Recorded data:
------------------------------------------------------------------------
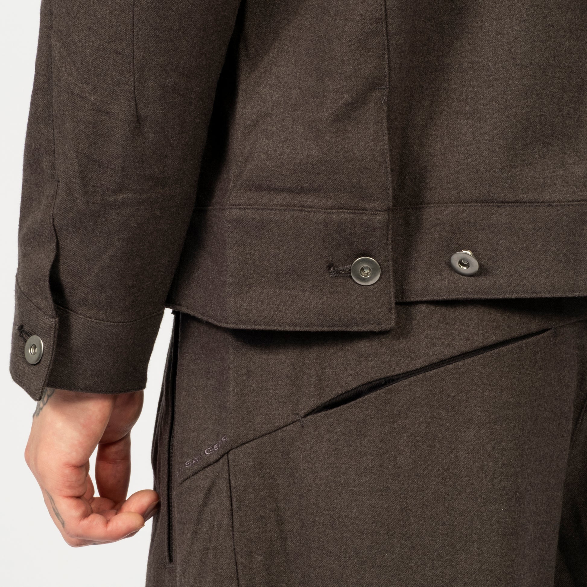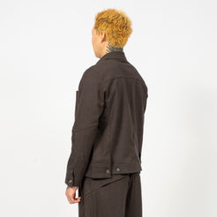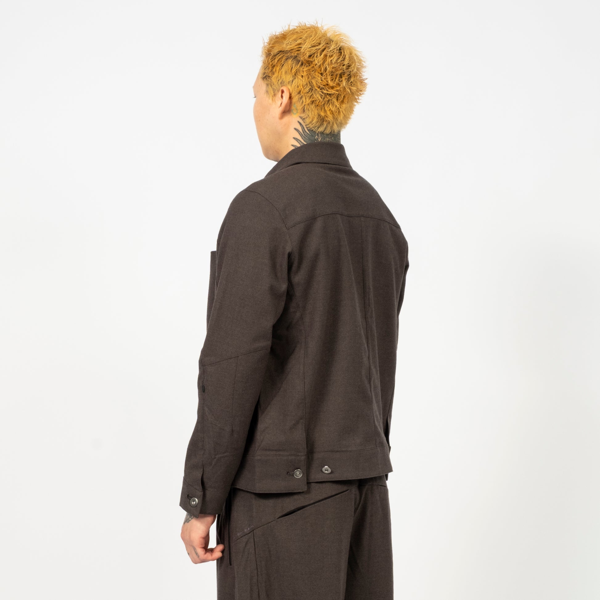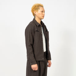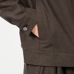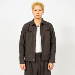 A clean, structured take on everyday jacket with subtle functional details. The hidden front construction keeps the silhouette minimal, while contrast-lined elements and discreet storage add depth without disrupting the refined finish.
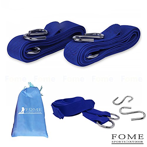 FOME SPORTS|OUTDOOR Heavy Duty Extra Long Hammock Tree Hanging Adjustable Straps for Portable Camping Hammocks Blue One Year Warranty
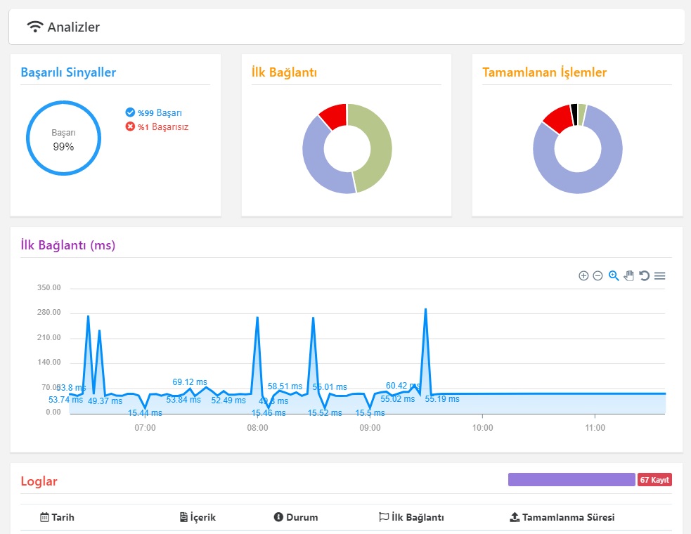 WBots ile siteleriniz arasındaki bağlantının kalitesini ölçmek ve olası hata durumlarını kayıt altına alıp, bunları size raporlamak için Sinyal Analiz Sistemini kurguladık. Bu sayede bir problem olduğunda direkt olarak sizlerde bunun sebebini sinyal analiz sistemi loglarıyla görebileceksiniz.
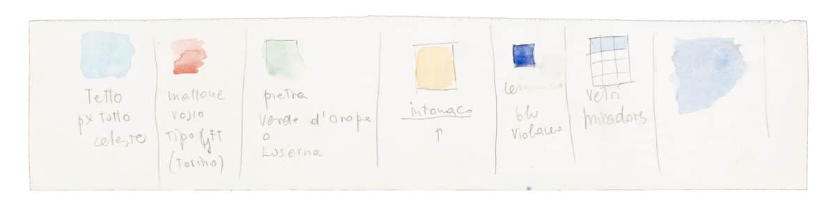 A colour chart made by Rossi as instructions for his office. Each colour has an inscription below: ‘tetto px tutto celeste’ (‘roof px all sky blue’), ‘mattone rosso tipo GFT (Torino)’ (‘red bricks, GFT type (Turin))’, ‘pietra verde d’Oropa o Luserna’ (‘green stone from Oropa or Luserna’), ‘intonaco’ (‘plaster’), ‘ceramiche blu violaceo’ (‘purplish-blue ceramic’), and ‘vetri mirador’ (‘mirador glass’). It is not clear which project this relates to.
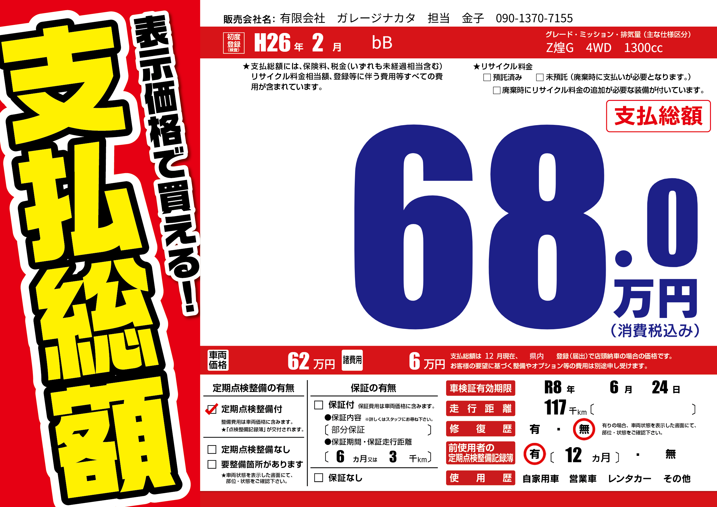 | 走行キロ | 11.7万km | 初年度登録 | H26年2月 |
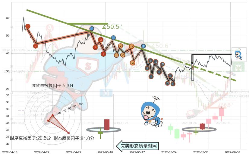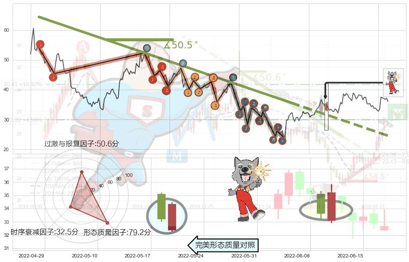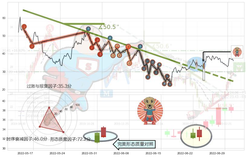 ♘ 阻力价格位43.33,可信任强度57.65%,距离最后交易2022-08-12形成的收盘价格36.05相差 +20.18%
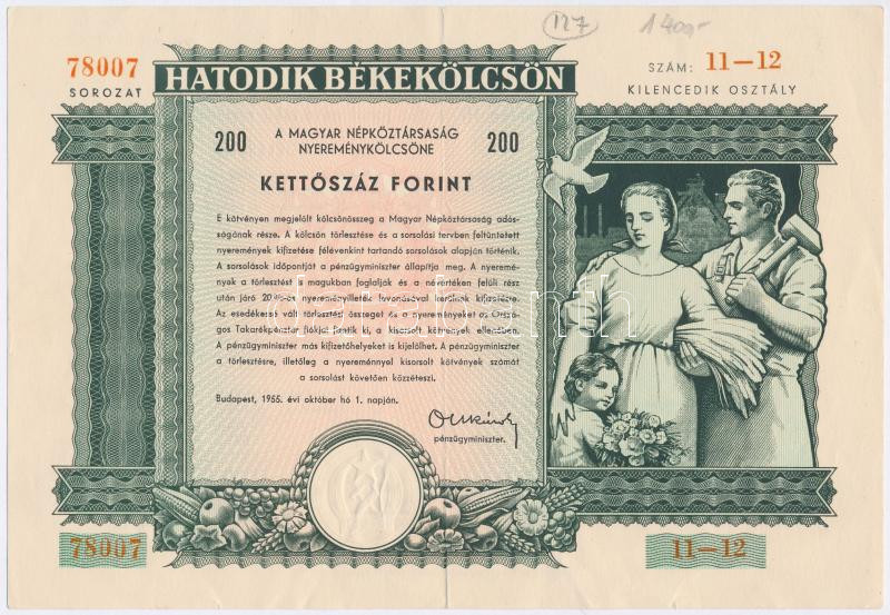 Leírás: 1955. "Hatodik Békekölcsön" nyereménykölcsön 200Ft-ról szárazpecséttel T:II-
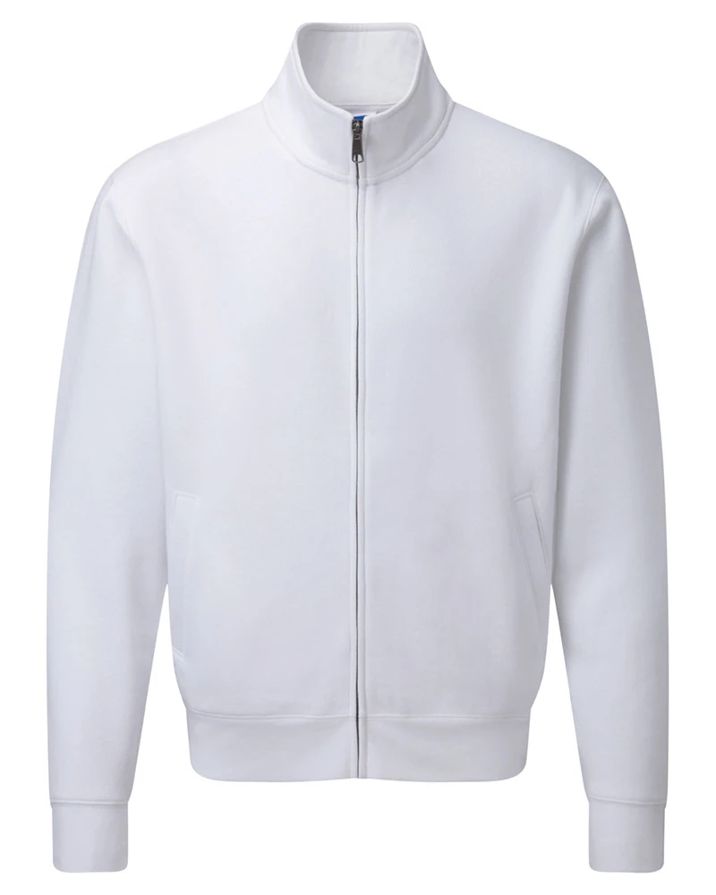 Weight: 280 gsm; Material: 80% cotton, ring-spun and combed, 20% polyester; 100% cotton face yarn (3-thread-construction); Herringbone neck tape, Self-fabric cadet collar, Slimmer shoulders and leaner arms with front facing shoulder seams, Self-fabric welt pockets, Cover seam armholes, cuffs and hem, Kissing (covered) YKK metal full zip (Antique Silver) for full cross body decoration, Straighter cut for a modern look, Outer layer provides the best surface for decoration; Certificates: STANDARD 100 by OEKO-TEX®; WRAP
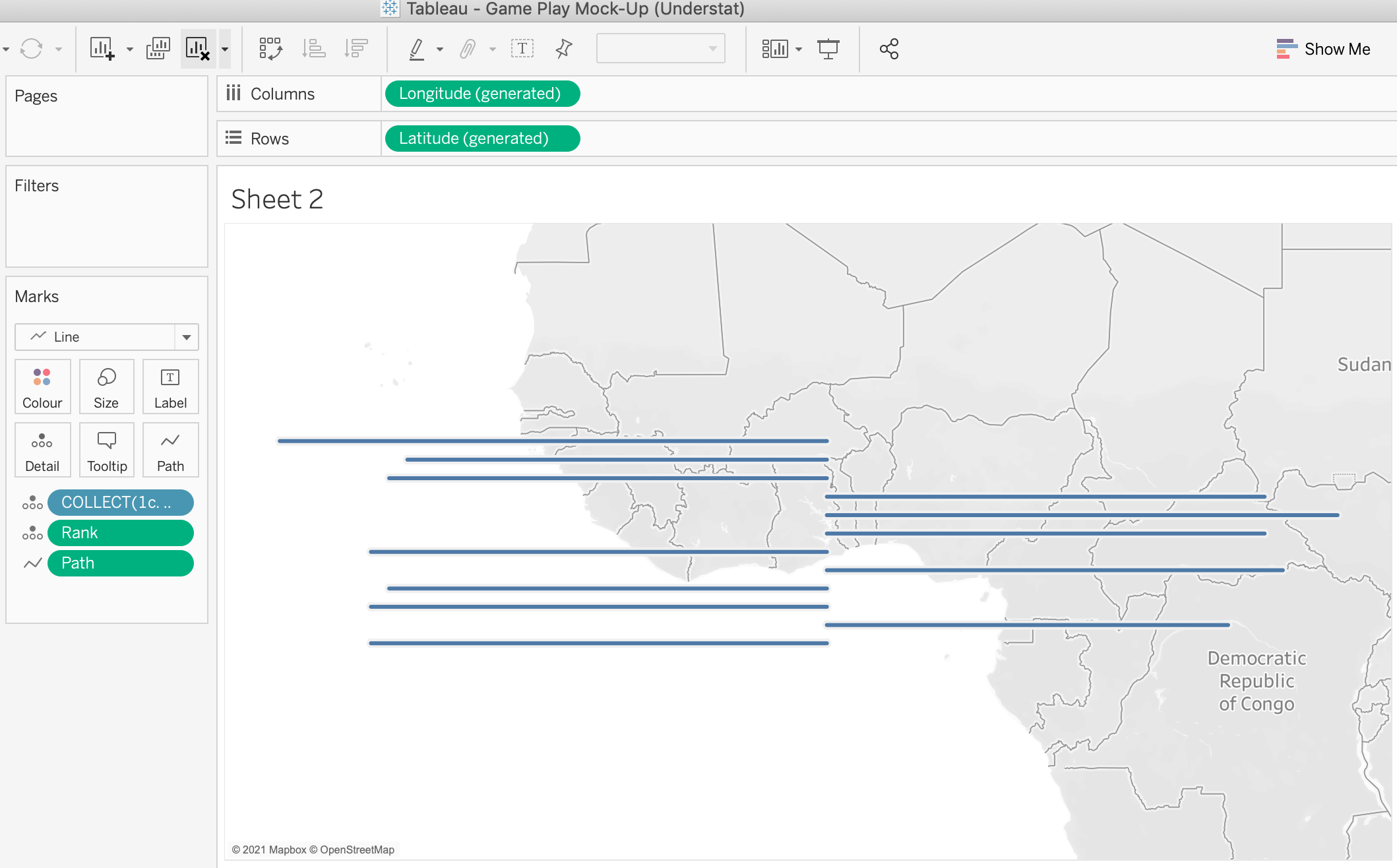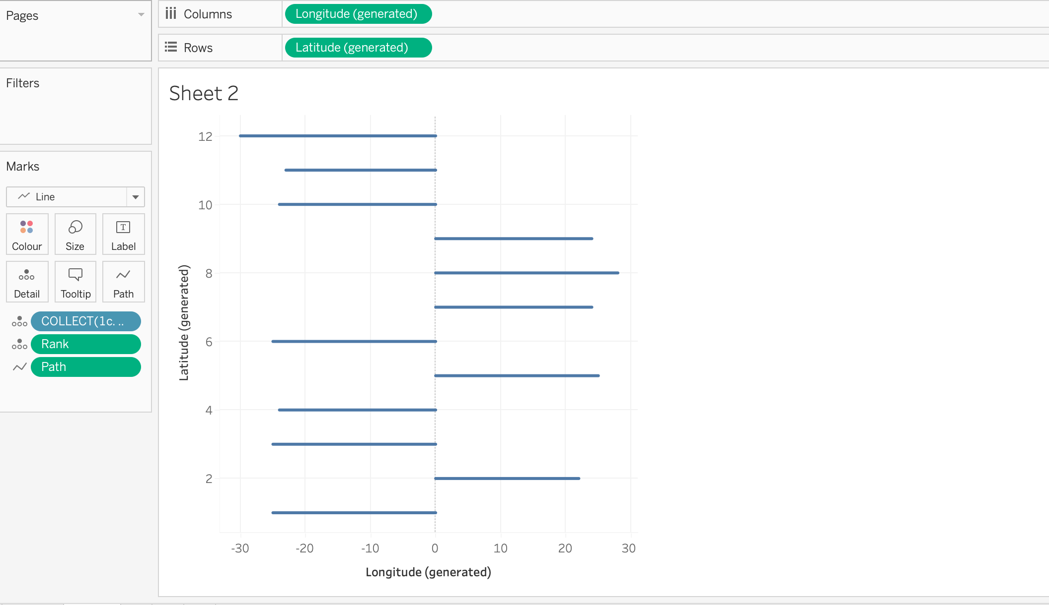 - Change the Marks to a line, drag rank and path onto detail making sure they are dimension.
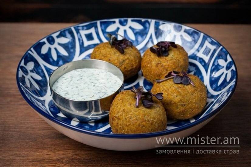 Це поєднання хрустких, ароматних кульок із нуту, спецій та зелені, які подаються теплими з освіжаючим соусом на основі грецького йогурту, створюючи контраст між пряним, насиченим фалафелем та прохолодною вершковою кислинкою соусу.
------------------------------------------------------------------------
BRIEF> Please print the span that begins at the line holding "nyereménykölcsön 200Ft-ról szárazpecséttel" and ends at the last line of the data, both ends included, with no pictures.

WRITTEN SOLUTION>
 Leírás: 1955. "Hatodik Békekölcsön" nyereménykölcsön 200Ft-ról szárazpecséttel T:II-
 Weight: 280 gsm; Material: 80% cotton, ring-spun and combed, 20% polyester; 100% cotton face yarn (3-thread-construction); Herringbone neck tape, Self-fabric cadet collar, Slimmer shoulders and leaner arms with front facing shoulder seams, Self-fabric welt pockets, Cover seam armholes, cuffs and hem, Kissing (covered) YKK metal full zip (Antique Silver) for full cross body decoration, Straighter cut for a modern look, Outer layer provides the best surface for decoration; Certificates: STANDARD 100 by OEKO-TEX®; WRAP
 - Change the Marks to a line, drag rank and path onto detail making sure they are dimension.
 Це поєднання хрустких, ароматних кульок із нуту, спецій та зелені, які подаються теплими з освіжаючим соусом на основі грецького йогурту, створюючи контраст між пряним, насиченим фалафелем та прохолодною вершковою кислинкою соусу.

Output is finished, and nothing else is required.